_THE DATA_.
++++++

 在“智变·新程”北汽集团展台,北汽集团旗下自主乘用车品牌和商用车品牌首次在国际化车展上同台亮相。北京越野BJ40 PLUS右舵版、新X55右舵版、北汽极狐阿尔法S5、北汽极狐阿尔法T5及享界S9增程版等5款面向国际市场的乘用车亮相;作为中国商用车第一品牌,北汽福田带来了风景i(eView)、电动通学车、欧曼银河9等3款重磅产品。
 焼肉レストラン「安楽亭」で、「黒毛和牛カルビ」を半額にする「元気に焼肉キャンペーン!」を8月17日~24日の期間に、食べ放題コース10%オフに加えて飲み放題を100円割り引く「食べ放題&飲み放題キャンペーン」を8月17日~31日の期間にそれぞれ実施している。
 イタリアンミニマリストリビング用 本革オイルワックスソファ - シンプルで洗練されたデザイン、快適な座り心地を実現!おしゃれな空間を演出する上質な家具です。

++++++

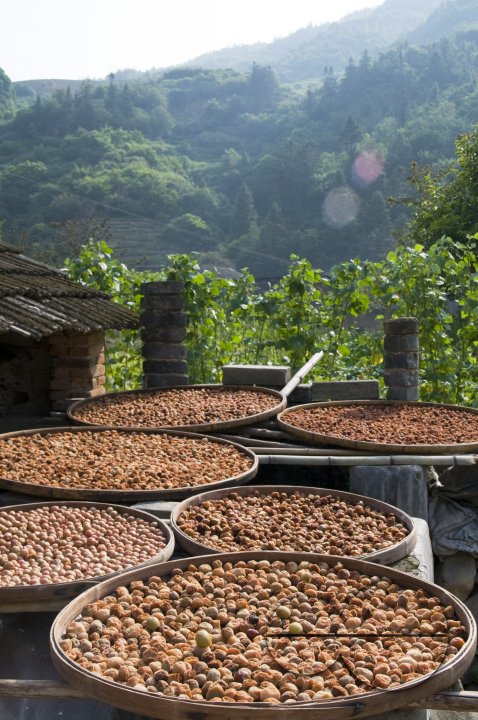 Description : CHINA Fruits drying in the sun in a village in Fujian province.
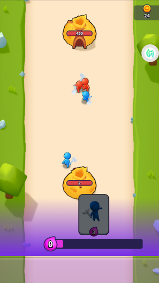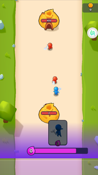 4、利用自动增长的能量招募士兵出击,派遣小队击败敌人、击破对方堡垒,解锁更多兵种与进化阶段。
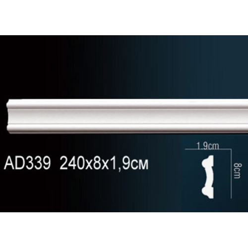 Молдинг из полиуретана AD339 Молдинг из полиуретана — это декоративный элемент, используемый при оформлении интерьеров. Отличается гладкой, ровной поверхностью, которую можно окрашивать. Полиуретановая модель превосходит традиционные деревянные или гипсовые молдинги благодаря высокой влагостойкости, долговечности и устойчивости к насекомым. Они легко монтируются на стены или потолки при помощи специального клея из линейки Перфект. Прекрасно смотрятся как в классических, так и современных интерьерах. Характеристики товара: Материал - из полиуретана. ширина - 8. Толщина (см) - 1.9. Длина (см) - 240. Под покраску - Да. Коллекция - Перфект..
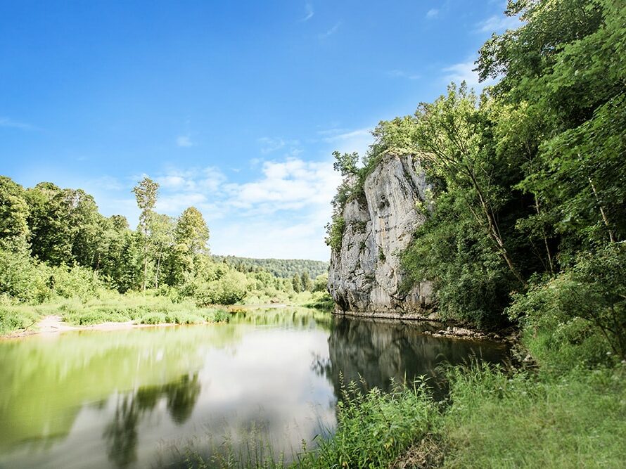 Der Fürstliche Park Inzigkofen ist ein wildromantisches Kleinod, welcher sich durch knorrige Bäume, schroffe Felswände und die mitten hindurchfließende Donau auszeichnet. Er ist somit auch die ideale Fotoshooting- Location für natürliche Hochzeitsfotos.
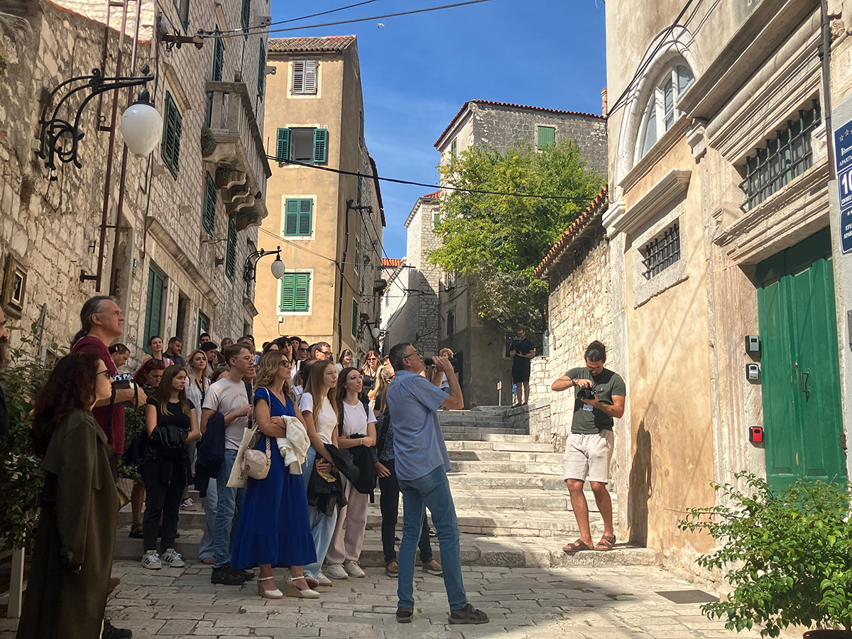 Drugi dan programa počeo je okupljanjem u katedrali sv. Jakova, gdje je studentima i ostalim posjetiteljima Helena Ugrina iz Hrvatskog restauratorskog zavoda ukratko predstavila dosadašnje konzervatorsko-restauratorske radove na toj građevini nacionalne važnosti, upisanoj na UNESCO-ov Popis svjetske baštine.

++++++

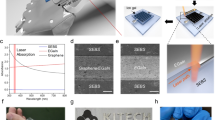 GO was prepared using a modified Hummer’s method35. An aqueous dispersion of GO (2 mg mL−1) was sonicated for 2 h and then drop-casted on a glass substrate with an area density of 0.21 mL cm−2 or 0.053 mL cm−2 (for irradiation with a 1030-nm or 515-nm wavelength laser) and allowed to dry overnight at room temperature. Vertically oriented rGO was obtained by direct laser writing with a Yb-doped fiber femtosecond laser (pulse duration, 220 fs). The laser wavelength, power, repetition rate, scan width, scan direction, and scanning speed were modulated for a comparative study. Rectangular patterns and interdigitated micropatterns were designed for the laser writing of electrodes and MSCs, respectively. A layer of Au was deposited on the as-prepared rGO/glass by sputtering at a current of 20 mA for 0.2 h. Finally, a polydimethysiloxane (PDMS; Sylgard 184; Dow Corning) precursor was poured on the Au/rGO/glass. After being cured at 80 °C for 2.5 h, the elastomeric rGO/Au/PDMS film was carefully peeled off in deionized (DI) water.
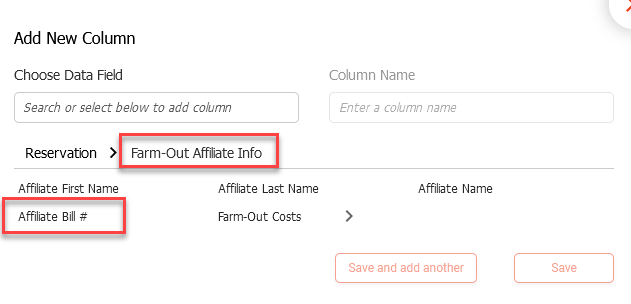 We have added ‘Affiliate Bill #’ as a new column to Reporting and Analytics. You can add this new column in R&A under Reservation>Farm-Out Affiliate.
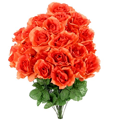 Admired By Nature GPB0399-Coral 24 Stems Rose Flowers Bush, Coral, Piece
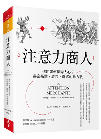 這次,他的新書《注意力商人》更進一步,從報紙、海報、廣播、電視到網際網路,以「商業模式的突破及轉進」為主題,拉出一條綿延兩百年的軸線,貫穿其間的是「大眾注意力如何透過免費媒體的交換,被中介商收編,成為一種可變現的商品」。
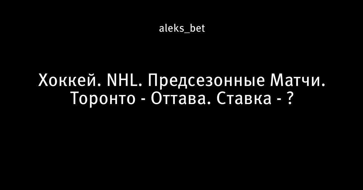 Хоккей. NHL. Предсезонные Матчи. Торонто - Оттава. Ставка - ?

++++++

_WHAT IS REQUIRED_. Return only the lines between the one holding "焼肉レストラン「安楽亭」で、" and the one holding "本革オイルワックスソファ - シンプルで洗練されたデザイン、快適な座り心地を実現!おしゃれな空間を演出する上質な家具です。", inclusive, exactly as they appear above.

_RESPONSE TO THE EXERCISE_.
 焼肉レストラン「安楽亭」で、「黒毛和牛カルビ」を半額にする「元気に焼肉キャンペーン!」を8月17日~24日の期間に、食べ放題コース10%オフに加えて飲み放題を100円割り引く「食べ放題&飲み放題キャンペーン」を8月17日~31日の期間にそれぞれ実施している。
 イタリアンミニマリストリビング用 本革オイルワックスソファ - シンプルで洗練されたデザイン、快適な座り心地を実現!おしゃれな空間を演出する上質な家具です。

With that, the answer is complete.